▶ PROVIDED MATERIAL:
Content starts

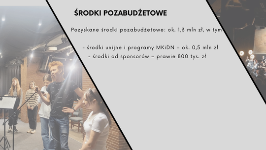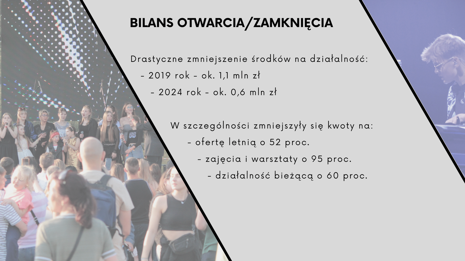 Brak jasnej komunikacji ze strony Urzędu Miejskiego znacząco wpływał na funkcjonowanie instytucji. Czasem musieliśmy działać w chaosie. Decyzje zapadały z opóźnieniem, były niejasne lub sprzeczne. Zdarzały się sytuacje, w których mimo zabezpieczenia środków na konkretne wydarzenia, pojawiały się problemy z ich przekazaniem. To stawiało nas w trudnej sytuacji organizacyjnej i finansowej.
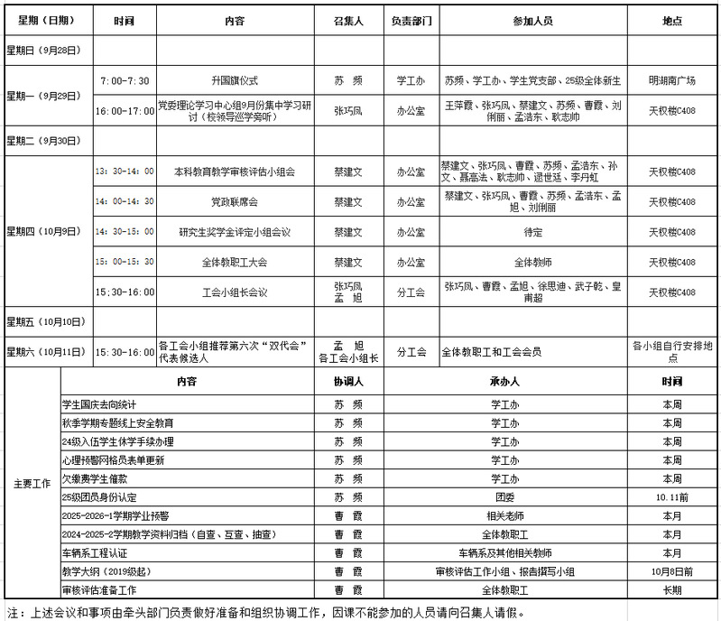 2025-2026-1学期第五、六周工作安排
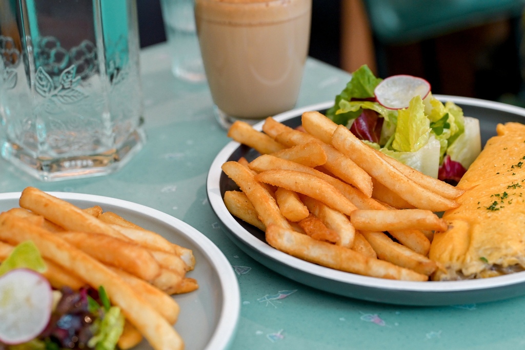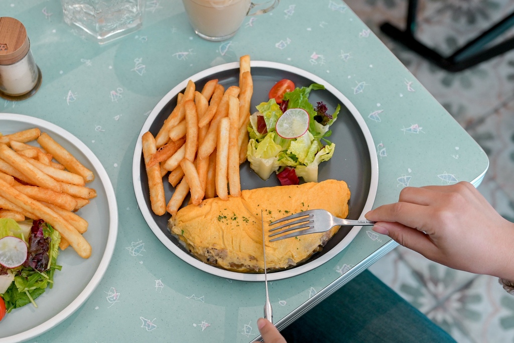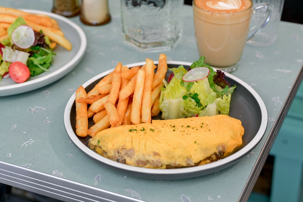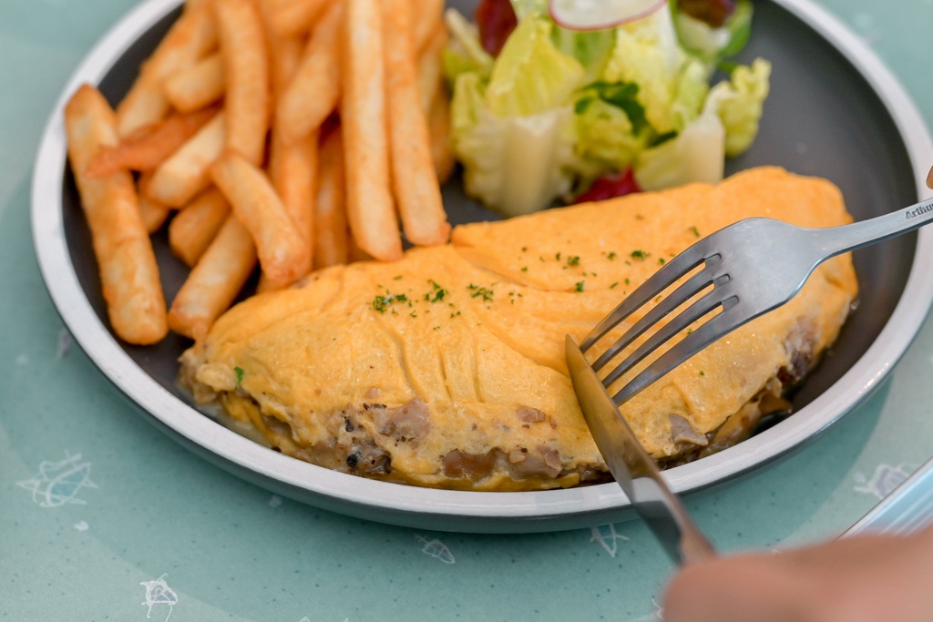 拼盤送上有主角奶油菇菇歐姆蛋,沙拉與薯條,不含飲品,看起來份量不多,不過整套吃下來非常有飽足感。

Content ends

▶ WHAT YOU SHOULD DO: The lines above should be transcribed exactly, with every image removed.

▶ EXERCISE RESPONSE:
 Brak jasnej komunikacji ze strony Urzędu Miejskiego znacząco wpływał na funkcjonowanie instytucji. Czasem musieliśmy działać w chaosie. Decyzje zapadały z opóźnieniem, były niejasne lub sprzeczne. Zdarzały się sytuacje, w których mimo zabezpieczenia środków na konkretne wydarzenia, pojawiały się problemy z ich przekazaniem. To stawiało nas w trudnej sytuacji organizacyjnej i finansowej.
 2025-2026-1学期第五、六周工作安排
 拼盤送上有主角奶油菇菇歐姆蛋,沙拉與薯條,不含飲品,看起來份量不多,不過整套吃下來非常有飽足感。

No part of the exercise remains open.